Mr. Faier, age 53, has served as the Company’s Chief Financial Officer since 2011. Prior to joining the Company, Mr. Faier
served from 2008 to 2010 as the chief financial officer of Modu Ltd, a privately owned Israeli company. Between 2004 and 2007, Mr. Faier held several senior finance positions, including chief financial officer at M-Systems prior to its acquisition
by SanDisk Corporation in 2006. Previously, Mr. Faier served as corporate controller of VocalTec Communications Ltd. Mr. Faier holds a CPA (Israel) license, an MBA (with Honors) from Tel Aviv University and a B.A. in Accounting and Economics from
the Hebrew University in Jerusalem. Mr. Faier currently serves on the board of directors of Monday.com Ltd and Kaltura Inc.

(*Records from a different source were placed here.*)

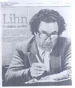 Lihn el eslabón perdido [artículo] / Paz Arrese. La Tercera (Diario: Santiago, Chile) ene. 26, 2008, p. 4-5 (suplemento) .
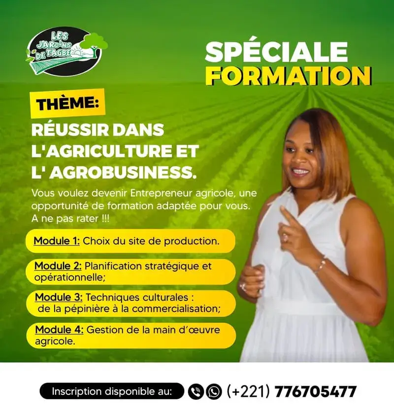 Renforcement de capacités pratiques en entrepreneuriat agricole, leadership rural, gestion de projets, commercialisation, production et transformation agroalimentaire.
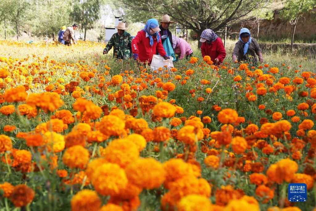 初秋時節,甘肅省定西市隴西縣4萬畝萬壽菊進入采摘期,農民們趁著晴好天氣采摘、裝車、出售,田間地頭一派忙碌景象。
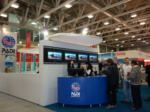 L’allestimento dello Stand PADI ricordava la struttura di un piccolo villaggio; infatti, oltre ad aqua med, ben nove tra Dive Center e Resort hanno preso parte allo show al fianco della loro organizzazione di addestramento subacqueo: Abyss Diving Service, Argos Italia, Divelandia NCM, Lionfish, Peppo Sub, Sport Diver Club, Sport Time, Taormina Diving Center e The European DC.

In connection with his appointment as Interim CEO, the Board approved the following compensation for Mr. Faier: (i) a total
monthly salary of 216,000 NIS per month; (ii) an additional cash bonus incentive with a target amount of 100% of his base salary based on a performance period beginning September 1, 2024 through March 31, 2025 (and such bonus will be prorated if a
permanent CEO is appointed prior to the end of such performance period), payable at the same time as annual bonuses are paid to other executives of the Company; (iii) 50,000 restricted stock units with a one-year vesting schedule; (iv) 15,000
performance share units which will vest if the Company’s common stock trades at a 30-day successive stock price of $50 or more during a two-year performance period; and (v) all other compensation and benefits, including benefits upon a termination
of employment, consistent with the compensation and benefits previously reported for Mr. Faier in the Company’s 2024 Proxy Statement filed with the Securities and Exchange Commission on April 26, 2024. In addition, with respect to each of the
aforementioned equity grants, if Mr. Faier’s employment is terminated due to the appointment of a permanent CEO or due to any other involuntary termination by the Company without cause, the awards will remain outstanding and be settled (or eligible
to be earned) based on the originally-scheduled vesting date.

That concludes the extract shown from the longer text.